20 Improved Integrations
- __RSA Archer__
Passwords now support special characters.
- __Carbon Black Defense__
Improved outputs in the ___cbd-get-alerts-details___ command. For more information, see the [Carbon Black Defense documentation](https://support.demisto.com/hc/en-us/articles/360006171153-Carbon-Black-Defense).
- __CrowdStrike Falcon Host__
Improved outputs for the ___cs-device-search___ command. For more information, see the [CrowdStrike Falcon Host documentation](https://demisto.zendesk.com/hc/en-us/articles/360008475454).
- __Cybereason__
For more information, see the [Cybereason documentation](https://support.demisto.com/hc/en-us/articles/360007903594).
- Added the following commands.
- ___cybereason-add-comment___
- ___cybereason-query-malops___
- ___cybereason-update-malop-status___
- ___cybereason-malop-processes___
- Added malops fetch.
- Added client-certificate authentication.
- __McAfee ESM v10__
Added the following commands.
- ___esm-get-alarm-event-details___
- ___esm-list-alarm-events___
- __GRR Rapid Response__
Improved property identifier to username. For more information, see the [GRR Rapid Response documentation](https://support.demisto.com/hc/en-us/articles/360008866593-GRR-Rapid-Response).
- __MISP__
Fix proxy parameter issue.
- __McAfee Advanced Threat Defense__
Deprecated several commands. You should use the relevant detonate playbook.
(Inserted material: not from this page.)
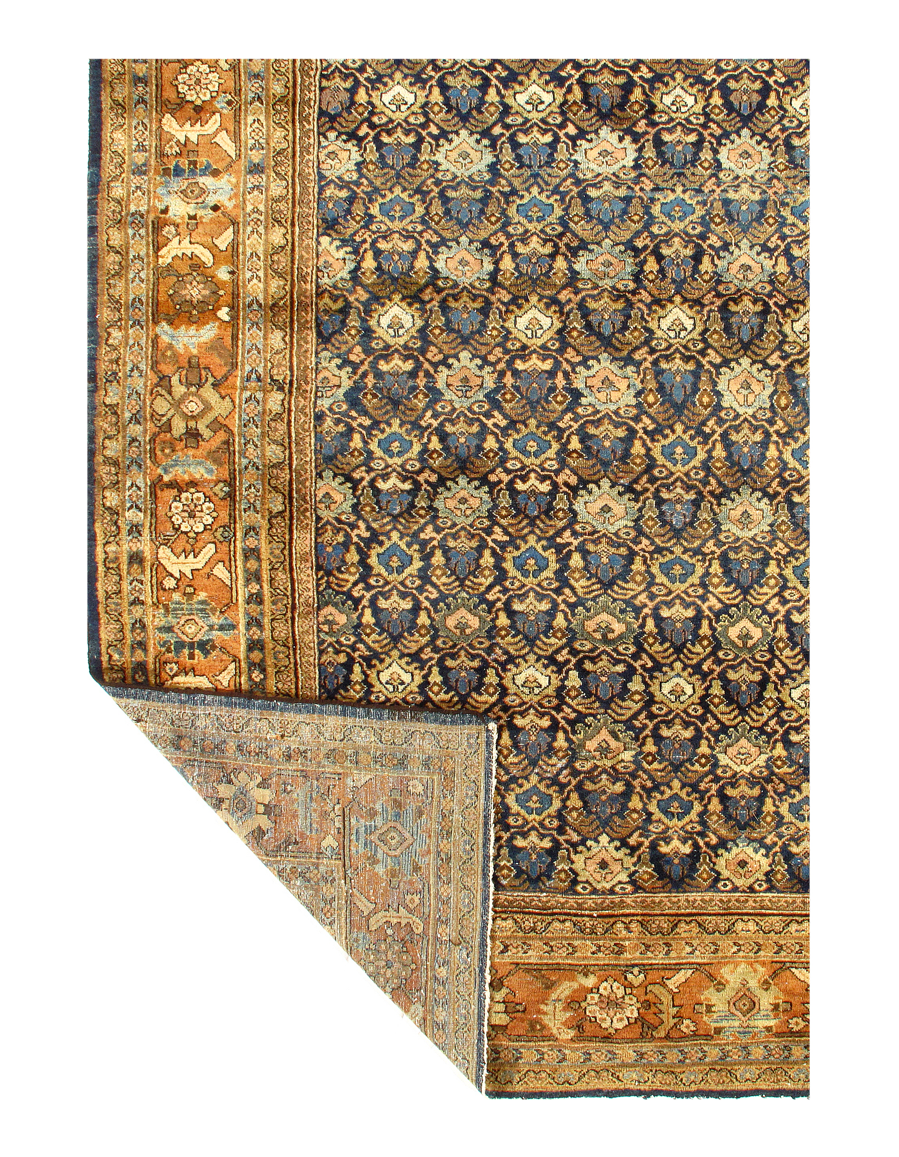 Often the finest in the antique Mahal style of antique rugs render spacious, very unique variations upon classical Persian allover antique carpet patterns, such as the Herati (repeated diamond and curling leaf), the Mina Khani (repeated circular flowerhead) and Harshang (highly stylized dragon and blossom), often in subtle, glowing pastels and earth tones. Many Mahals utilize these allover motifs, while others present the central medallion format, seen often in other Persian carpet styles.

For more information, see the [McAfee Advanced Threat Defense documentation](https://support.demisto.com/hc/en-us/articles/360005343954-McAfee-Advanced-Threat-Defense-ATD-).
- ___deprecate detonate-file___
- ___detonate-url commands___
- __McAfee NSM__
Added proxy support.
- __Okta__
Added the following commands. For more information, see the [Okta documentation](https://support.demisto.com/hc/en-us/articles/360007824353-Okta).
- ___okta-suspend-user___
- ___okta-unsuspend-user___
- __RSA NetWitness v11.1__
There are separate checkboxes to fetch incident data and to fetch alert data. If you want to fetch alert data, you need to select both checkboxes. For more information, see the [NetWitness v11 documentation](https://demisto.zendesk.com/hc/en-us/articles/360006756714).
- __Rapid7 Nexpose__
Added the ___nexpose-create-site___ command. For more information, see the [Rapid7 Nexpose documentation](https://support.demisto.com/hc/en-us/articles/360006756333-Rapid7-Nexpose).
- __Salesforce__
Added the ___salesforce-delete-case___ command. For more information, see the [Salesforce documentation](https://support.demisto.com/hc/en-us/articles/360001848133-Salesforce).
- __SplunkPy__
Fixed an encoding issue in the ___splunk-submit-event___ command.
- __Cisco Threat Grid__
Added the playbook parameter.
- __Tanium__
- Added the following commands.
- ___tn-ask-manual-question___
- ___tn-get-sensor___
- ___tn-get-action___
- Modified the ___tn-deploy-package___ command.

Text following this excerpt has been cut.